Board Adopts 7.50% Rate of Return
On July 17, 2014, the Board of Fire and Police Pension
Commissioners approved the Plan actuary’s recommendation to lower
the investment return assumption from 7.75% to 7.50%. This
action will help ensure the long-term viability of the Plan to
properly fund the benefits for the Plan’s members.
The Segal Company, the Plan’s actuary, presented its findings
from its review of the economic assumptions to the Board and
recommended that the investment return assumption be reduced to
7.50%, primarily due to a continued decline in inflation over the
past two decades. (The assumption was previously lowered in
2010 from 8.00% to 7.75%.)
The investment return assumption is the expected long term rate
of return on the Plan’s investments, after expenses. One
component of this assumption is the inflation assumption, which
was lowered from 3.50% to 3.25% due to the low inflationary
economic environment. The “across-the-board” salary
increase assumption was also reduced from 4.25% to 4.00% to be
consistent with the recommended inflation assumption.

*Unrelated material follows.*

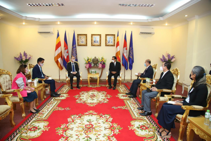 (ភ្នំពេញ)៖ លោក Patrice Vignesនាយកគ្រប់គ្រងប្រចាំប្រទេសរបស់ក្រុមហ៊ុន ឌីលីវើរី ហេរ៉ូ(ខេមបូឌា) ឯ.ក (foodpanda) នាព្រឹកថ្ងៃទី២៣ ខែធ្នូ ឆ្នាំ២០២១ បានចូលជួបឯកឧត្តមបណ្ឌិត អ៉ិត សំហេង រដ្ឋមន្ត្រីក្រសួងការងារ និងបណ្តុះបណ្តាលវិជ្ជាជីវៈ ពីការប្តេជ្ញាចិត្តរបស់ក្រុមហ៊ុន ចំពោះការអភិវឌ្ឍធនធានមនុស្សនៅក្នុងប្រទេសកម្ពុជា និងទីផ្សារការងារសម្រាប់យុវជន។

In addition to the economic assumptions, the Board reviewed and
adopted the findings and recommendations detailed in The Segal
Company’s triennial Actuarial Experience Study covering July 1,
2010 through June 30, 2013. This study compares the Plan’s
actual experience to the non-economic (or demographic)
assumptions previously adopted by the Board. Based on the
Plan’s experience, the Board adopted the actuary’s
recommendations to adjust various assumptions such as retirement
rates, mortality rates and disability incidence rates.
Adoption of the economic and non-economic assumptions is expected
to have less than a 1.0% impact on the City’s contribution to the
Plan. Other recent experience may also help mitigate the impact
to the City’s contribution rate from lowering the assumed rate of
return.
It is important to note that the actuarial assumptions do not
determine the “actual cost” of the plan. The actual cost is
determined by the benefits and administrative expenses paid,
offset by contributions and investment income received. The
use of realistic actuarial assumptions is critical in maintaining
adequate plan funding, while fulfilling benefit commitments to
LAFPP members already retired and to those nearing
retirement. Accurate actuarial assumptions aid in achieving
equity across generations of taxpayers. The goal is to fund
employees’ benefits while they are rendering service and
taxpayers are receiving services from those employees.